**Work order:** Could you give back every entry below exactly, with the pictures dropped?

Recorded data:
'''

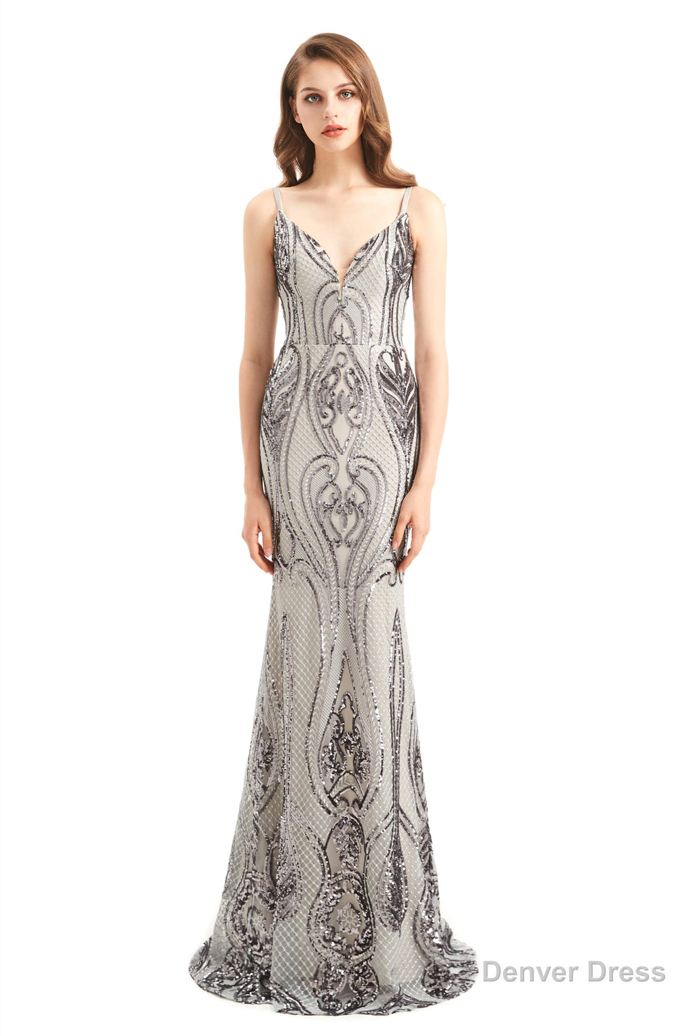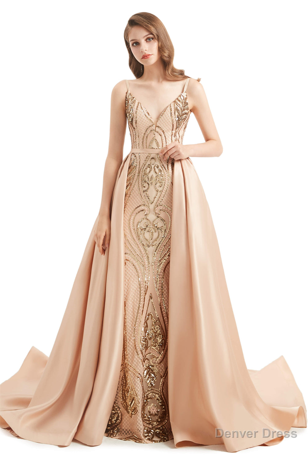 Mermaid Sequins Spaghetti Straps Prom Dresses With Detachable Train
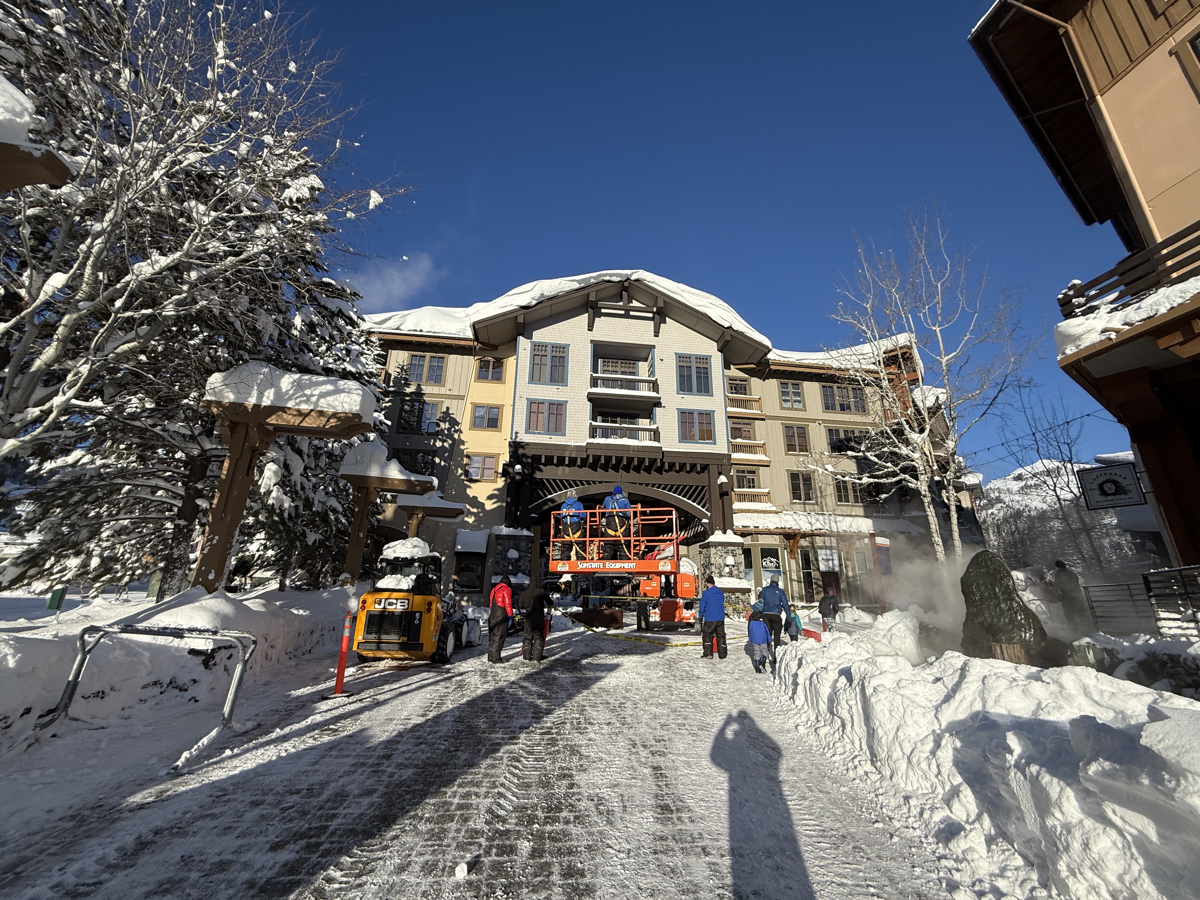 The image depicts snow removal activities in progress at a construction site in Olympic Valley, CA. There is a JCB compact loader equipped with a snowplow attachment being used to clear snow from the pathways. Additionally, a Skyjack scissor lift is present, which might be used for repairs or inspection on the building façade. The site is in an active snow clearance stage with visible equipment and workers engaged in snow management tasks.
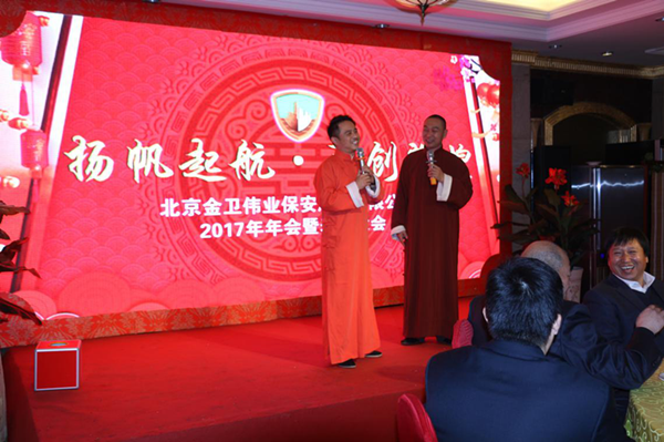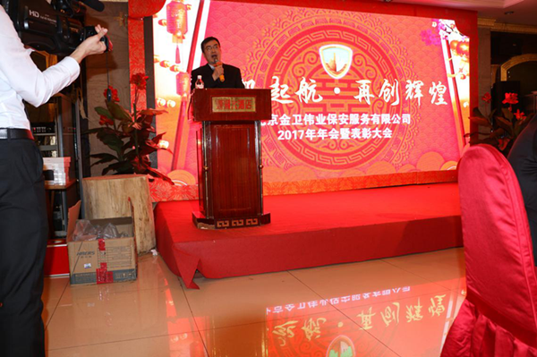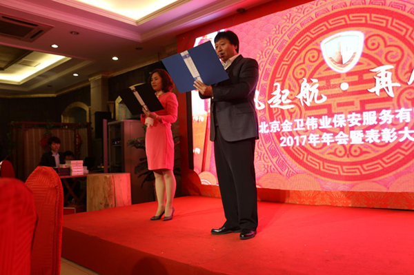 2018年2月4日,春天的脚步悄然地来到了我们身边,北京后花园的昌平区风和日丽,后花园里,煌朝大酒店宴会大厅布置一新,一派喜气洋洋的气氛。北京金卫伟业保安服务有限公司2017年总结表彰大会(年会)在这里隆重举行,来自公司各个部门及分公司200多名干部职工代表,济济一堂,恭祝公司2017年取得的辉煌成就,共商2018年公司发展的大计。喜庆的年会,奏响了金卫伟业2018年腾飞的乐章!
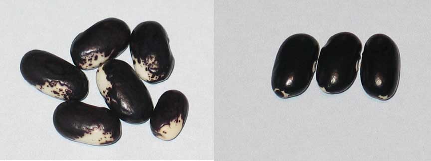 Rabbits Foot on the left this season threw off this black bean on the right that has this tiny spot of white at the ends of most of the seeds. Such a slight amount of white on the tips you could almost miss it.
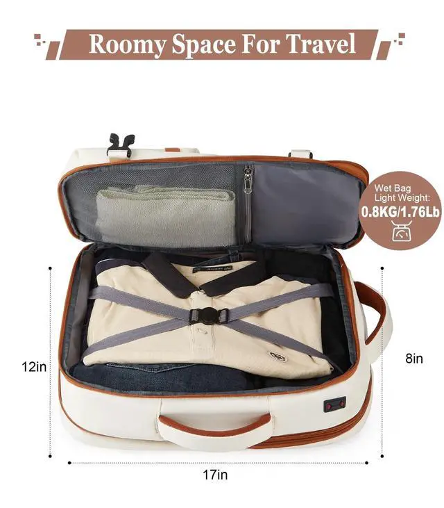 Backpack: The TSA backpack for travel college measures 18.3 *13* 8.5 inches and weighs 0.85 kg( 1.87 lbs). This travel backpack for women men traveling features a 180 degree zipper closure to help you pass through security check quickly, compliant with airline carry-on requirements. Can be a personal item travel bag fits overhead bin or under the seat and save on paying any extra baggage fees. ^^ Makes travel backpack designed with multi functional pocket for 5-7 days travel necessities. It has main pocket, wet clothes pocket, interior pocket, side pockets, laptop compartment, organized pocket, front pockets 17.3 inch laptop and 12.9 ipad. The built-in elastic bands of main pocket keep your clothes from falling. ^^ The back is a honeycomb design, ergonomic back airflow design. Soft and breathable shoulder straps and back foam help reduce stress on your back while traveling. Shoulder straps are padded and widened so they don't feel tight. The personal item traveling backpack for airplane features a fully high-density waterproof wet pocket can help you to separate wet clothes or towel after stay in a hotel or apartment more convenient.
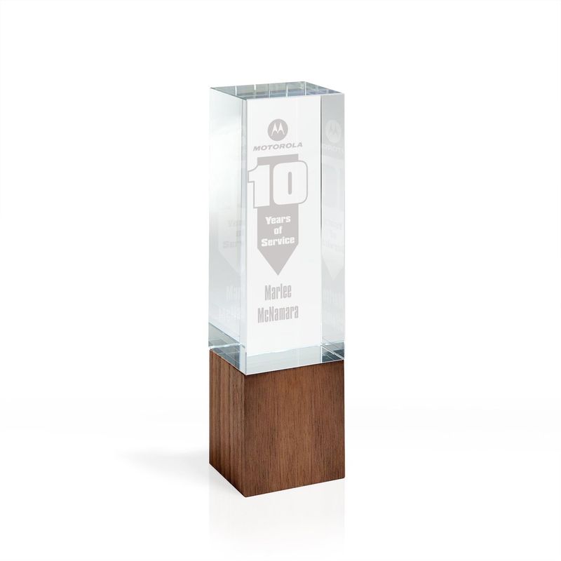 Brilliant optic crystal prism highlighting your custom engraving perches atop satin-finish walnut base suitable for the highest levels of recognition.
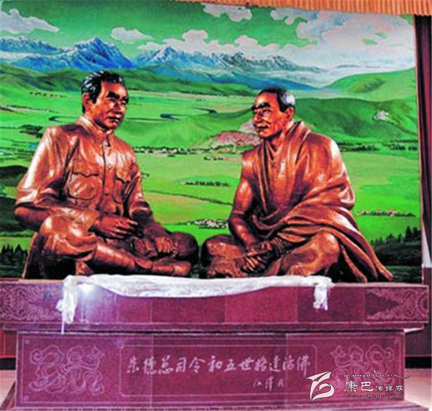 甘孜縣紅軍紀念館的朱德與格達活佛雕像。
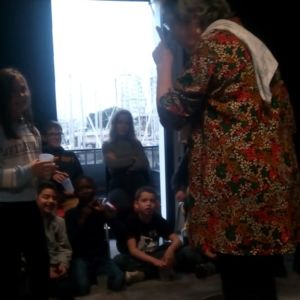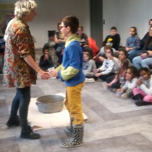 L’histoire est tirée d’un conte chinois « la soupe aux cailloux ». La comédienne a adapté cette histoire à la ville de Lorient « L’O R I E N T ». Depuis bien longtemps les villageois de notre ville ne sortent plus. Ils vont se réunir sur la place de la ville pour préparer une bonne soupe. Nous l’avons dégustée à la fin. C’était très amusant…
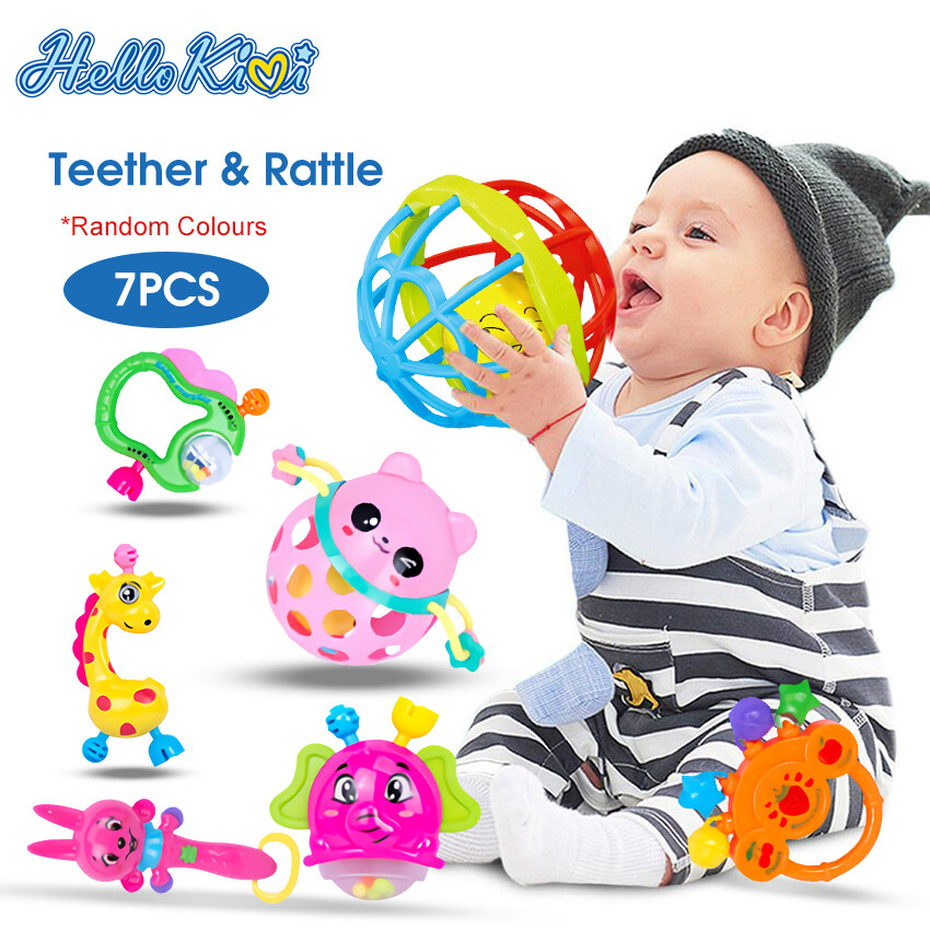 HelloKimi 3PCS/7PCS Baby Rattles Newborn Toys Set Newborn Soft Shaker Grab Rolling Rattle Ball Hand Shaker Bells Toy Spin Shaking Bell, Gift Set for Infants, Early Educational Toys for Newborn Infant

'''

**Task output:**
 Mermaid Sequins Spaghetti Straps Prom Dresses With Detachable Train
 The image depicts snow removal activities in progress at a construction site in Olympic Valley, CA. There is a JCB compact loader equipped with a snowplow attachment being used to clear snow from the pathways. Additionally, a Skyjack scissor lift is present, which might be used for repairs or inspection on the building façade. The site is in an active snow clearance stage with visible equipment and workers engaged in snow management tasks.
 2018年2月4日,春天的脚步悄然地来到了我们身边,北京后花园的昌平区风和日丽,后花园里,煌朝大酒店宴会大厅布置一新,一派喜气洋洋的气氛。北京金卫伟业保安服务有限公司2017年总结表彰大会(年会)在这里隆重举行,来自公司各个部门及分公司200多名干部职工代表,济济一堂,恭祝公司2017年取得的辉煌成就,共商2018年公司发展的大计。喜庆的年会,奏响了金卫伟业2018年腾飞的乐章!
 Rabbits Foot on the left this season threw off this black bean on the right that has this tiny spot of white at the ends of most of the seeds. Such a slight amount of white on the tips you could almost miss it.
 Backpack: The TSA backpack for travel college measures 18.3 *13* 8.5 inches and weighs 0.85 kg( 1.87 lbs). This travel backpack for women men traveling features a 180 degree zipper closure to help you pass through security check quickly, compliant with airline carry-on requirements. Can be a personal item travel bag fits overhead bin or under the seat and save on paying any extra baggage fees. ^^ Makes travel backpack designed with multi functional pocket for 5-7 days travel necessities. It has main pocket, wet clothes pocket, interior pocket, side pockets, laptop compartment, organized pocket, front pockets 17.3 inch laptop and 12.9 ipad. The built-in elastic bands of main pocket keep your clothes from falling. ^^ The back is a honeycomb design, ergonomic back airflow design. Soft and breathable shoulder straps and back foam help reduce stress on your back while traveling. Shoulder straps are padded and widened so they don't feel tight. The personal item traveling backpack for airplane features a fully high-density waterproof wet pocket can help you to separate wet clothes or towel after stay in a hotel or apartment more convenient.
 Brilliant optic crystal prism highlighting your custom engraving perches atop satin-finish walnut base suitable for the highest levels of recognition.
 甘孜縣紅軍紀念館的朱德與格達活佛雕像。
 L’histoire est tirée d’un conte chinois « la soupe aux cailloux ». La comédienne a adapté cette histoire à la ville de Lorient « L’O R I E N T ». Depuis bien longtemps les villageois de notre ville ne sortent plus. Ils vont se réunir sur la place de la ville pour préparer une bonne soupe. Nous l’avons dégustée à la fin. C’était très amusant…
 HelloKimi 3PCS/7PCS Baby Rattles Newborn Toys Set Newborn Soft Shaker Grab Rolling Rattle Ball Hand Shaker Bells Toy Spin Shaking Bell, Gift Set for Infants, Early Educational Toys for Newborn Infant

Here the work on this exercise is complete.